The street level of the springhouse has been used as a wash house, chicken coop and storage space.

 Wissahickon Schist
A Signature Building Stone
of Southeast Pennsylvania:

  Above: The Wall House’s finely cut Wissahickon schist on the house’s front facade. Image source: Lee J. Stoltzfus
This property rests firmly on bedrock of the Wissahickon Formation, named for the Wissahickon Creek. Early settlers found this stone was readily available and easy to cut. The stone’s appearance is striking. Sparkling mica flakes give its surface a silvery sheen.
Many historic buildings throughout Southeeast Pennsylvania showcase this distinctive building stone. Historic Quaker houses in Germantown, such as Grumblethorpe, are other well know examples of houses built with Wissahickon Schist. The Bartram House at Bartram’s Garden is another landmark Quaker house constructed with this stone.

 Wall House on a Geologic Map
Wissahickon Schist Building Stone:

Above: Image source: PAGEODE, Pennsylvania Department of Conservation and Natural Resources (revised)

1694: Sarah Wall Married George Shoemaker
English Quaker and German Mennonite Heritage:

Image source: Historical Marker Database, William Fischer, Jr.

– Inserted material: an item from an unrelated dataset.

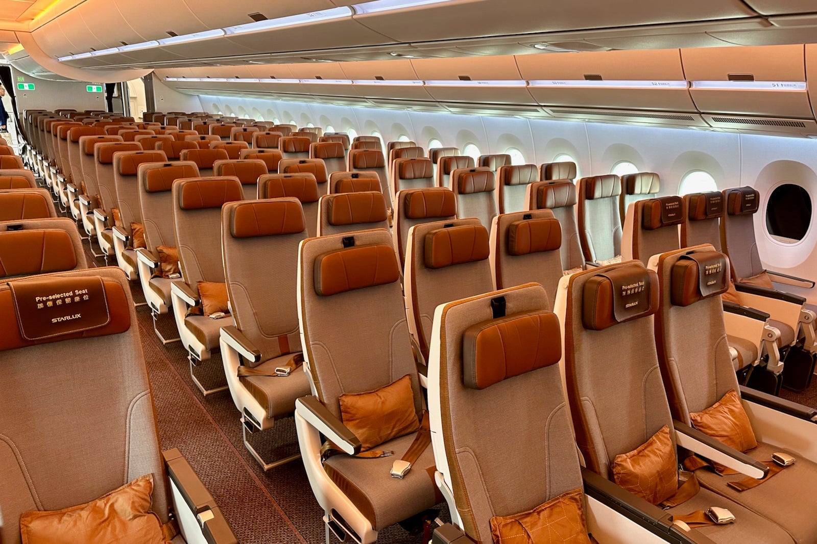 The 240 economy-class seats on Starlux's Airbus A350 are arranged in a two-cabin configuration.
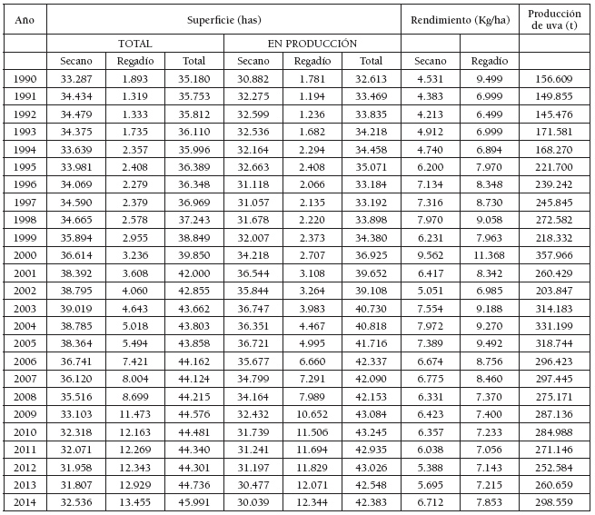 La Tabla 2 muestra que la superficie de viñedo en regadío en La Rioja se ha incrementado considerablemente en los últimos 24 años. Aunque el riego estuvo prohibido entre 1979 y 2003, las viñas no desaparecieron totalmente de los polígonos de regadío, si bien no se regaban al menos legalmente. En 1991 el viñedo en regadío ocupaba 1.319 ha (el 3,7% de la superficie total), iniciando un ascenso moderado hasta 2002 (4.060 ha). A partir de esta fecha, la superficie de viñedo en regadío se ha multiplicado por 3,3 hasta ocupar 13.455 ha en 2014 (el 29,3% de la superficie total), mientras que el de secano se contraía el 16,4%, pasando de 39.019 ha en 2003 a 32.536 ha en 2014. Estos cambios en la distribución espacial del viñedo han ayudado al incremento de los rendimientos y de la producción de uva. Aunque la variabilidad interanual es elevada (ligada a circunstancias climatológicas, sanitarias, etc.) resulta evidente que el viñedo de regadío incrementa la productividad con valores promedio, en el periodo 1990-2014, de 8.084 Kg de uva por hectárea (valor máximo de 11.362 kg/ha y mínimo de 6.499 kg/ha). Los rendimientos en secano se reducen a 6.319 kg/ha como promedio (valor máximo de 9.562 kg/ha y mínimo de 4.213 kg/ha), lo que representa el 22% menos que en regadío. Lógicamente la producción de uva muestra una tendencia creciente desde los años noventa (Tabla 2).

 Text of historical maker, above: “The first religious meeting hereabout, now known as Abington Meeting of the Society of Friends (Quakers) was held here in 1683. This was the home of Richard and Joan Wall who came from Hasfield near Cheltenham England in 1682. Their granddaughter, Sarah Wall, married in 1694 George Shoemaker from Kriegsheim, Germany, for whose family this vicinity was called Shoemakertown, later Ogontz, now Elkins Park. Marked by Abington Friends Meeting 1933.
Sarah Wall was a granddaughter of Richard and Joane Wall of the Wall House. Sarah married into the Shoemaker family of Cheltenham Township. The Shoemakers descended from Mennonite families in Germany. Their Shoemaker / Schumacher ancestors lived in the Palatinate and Lower Rhine regions, where they were Mennonite. In the mid‑1600s some members of that family converted to Quakerism. Through this lineage, Sarah Wall combined her English Quakerism with her husband’s ancestral German Mennonite beliefs

 Anti-Slavery Activism
Here at the Wall House:

Above: “Am I Not a Man and a Brother” Two Wedgewood anti-slavery medallions. Images source: Wikipedia

1688 Anti-Slavery Proclamation at the Wall House:
In 1688, the Wall House played a pivotal role in early American abolitionism as the site of the second public reading of the Germantown Petition against Slavery. Authored in Germantown, the petition was the first formal call for the abolition of slavery in the colonies. The Dublin Monthly Meeting, which met at the Wall House, hosted this reading for the Cheltenham and Abington Friends. The reading at the Wall House marked the first institutional engagement with the issue of slavery in the region and ensured that anti-slavery thought became a permanent part of Quaker moral discourse.

The Wall House on the Underground Railroad:
By the mid-1800s, the Wall House became a secret sanctuary on the Underground Railroad. During that era the Bosler family lived here. They were Presbyterians. The Boslers maintained the property's tradition of social justice by participating in the Underground Railroad alongside their Quaker neighbors. Descendants of the family, like Elizabeth Bosler Reeve, recalled seeing groups of African Americans appear and vanish over the course of days. The Wall House worked in close coordination with nearby abolitionist families, including Lucretia Mott’s household, to create a network that made Cheltenham Township a critical corridor of resistance to slavery.